*Source material*:
____________________

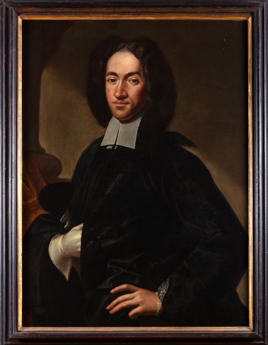 Il dipinto, tradizionalmente attribuito su basi stilistiche al “ritrattista di parata” Sebastiano Bombelli, raffigura un gentiluomo, la cui eleganza e la disinvolta sicurezza sottolineano lo status di notabile cittadino.
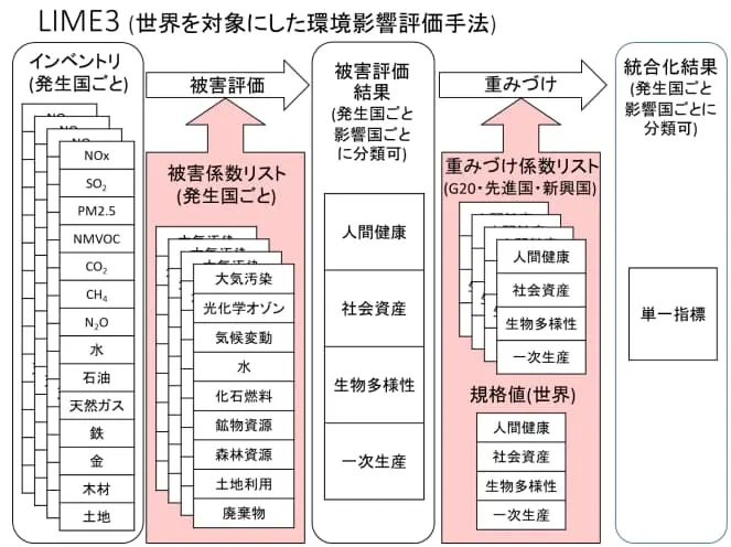 日本の研究者が開発したLIME3は、国内で広く利用される代表的なLCA影響評価手法です。
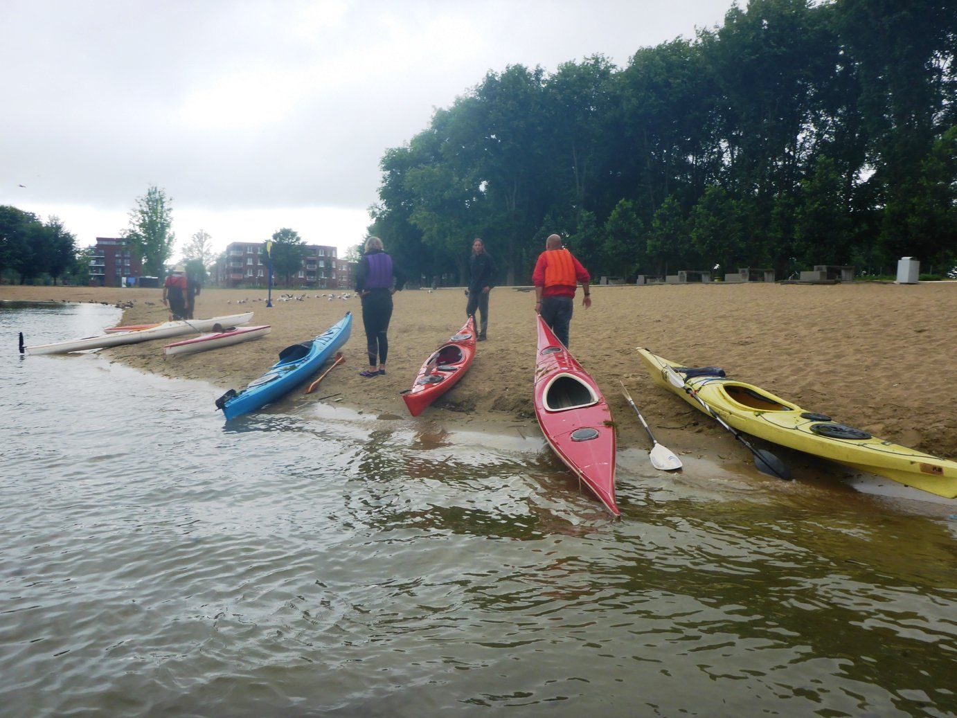A short extra lap, because it is so beautiful, and then we are back at our lunch spot. After portaging twice, we leave the part through Geuzenveld and sail the same, more direct, route back to the Sloterplas. It has now become a bit busier there; Amsterdam is looking for the afternoon sun! The new students have just returned safely back on shore. We wipe the boats clean and put them back in the shed. Until the next sunny trip!
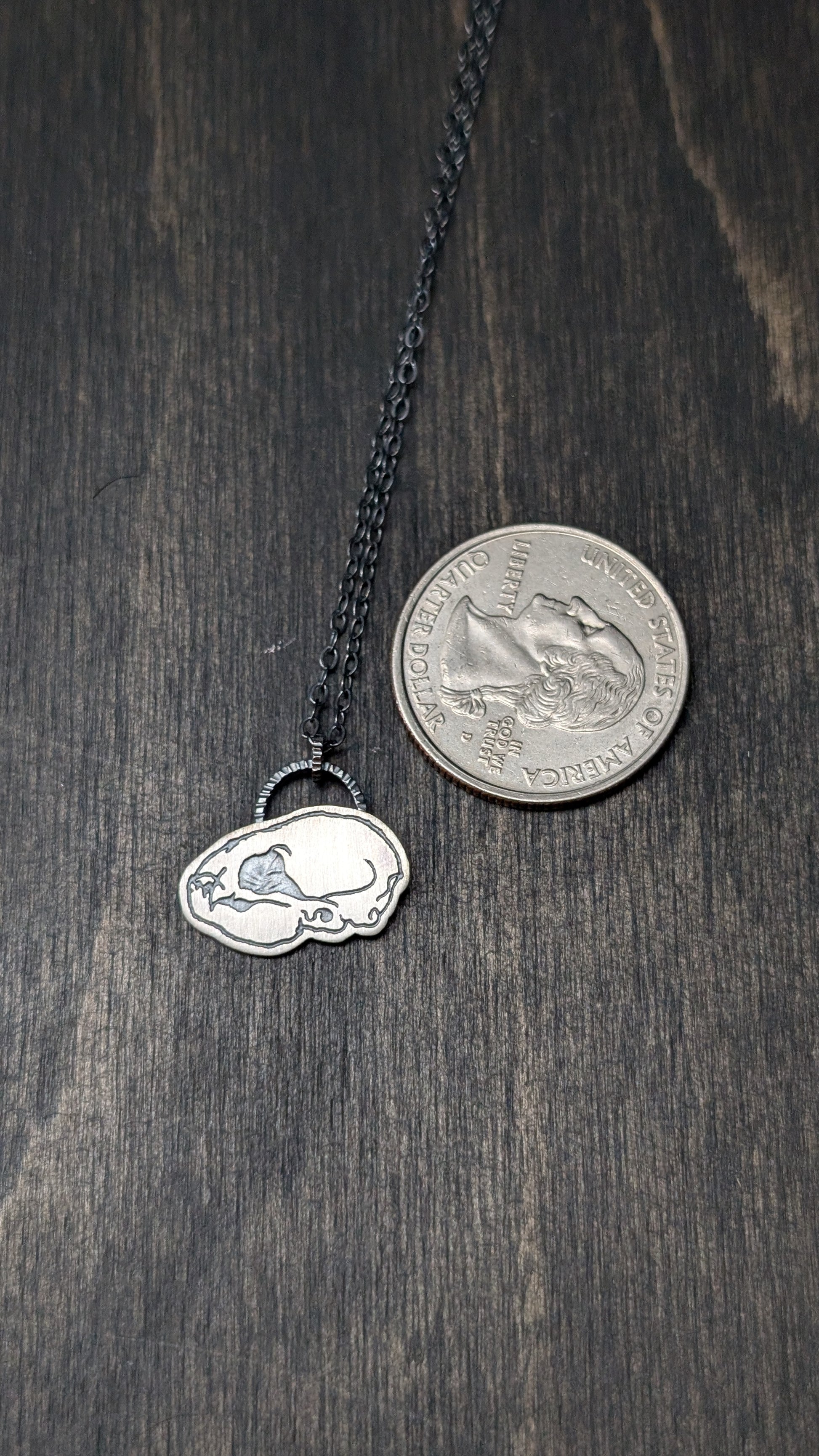 This vampire bat skull necklace is perfect for any oddities collector or lover of things weird! The skull drawing is acid etched into the silver. It is then oxidized and brushed to make the image pop! It hangs on oxidized hand textured rings and oxidized 16-18in sterling silver chain with handmade s hook clasp.

____________________

Starting at the line that contains "A short extra", transcribe every line through the end of the listing exactly, including both end lines and excluding pictures.

*Exercise solution*:
A short extra lap, because it is so beautiful, and then we are back at our lunch spot. After portaging twice, we leave the part through Geuzenveld and sail the same, more direct, route back to the Sloterplas. It has now become a bit busier there; Amsterdam is looking for the afternoon sun! The new students have just returned safely back on shore. We wipe the boats clean and put them back in the shed. Until the next sunny trip!
 This vampire bat skull necklace is perfect for any oddities collector or lover of things weird! The skull drawing is acid etched into the silver. It is then oxidized and brushed to make the image pop! It hangs on oxidized hand textured rings and oxidized 16-18in sterling silver chain with handmade s hook clasp.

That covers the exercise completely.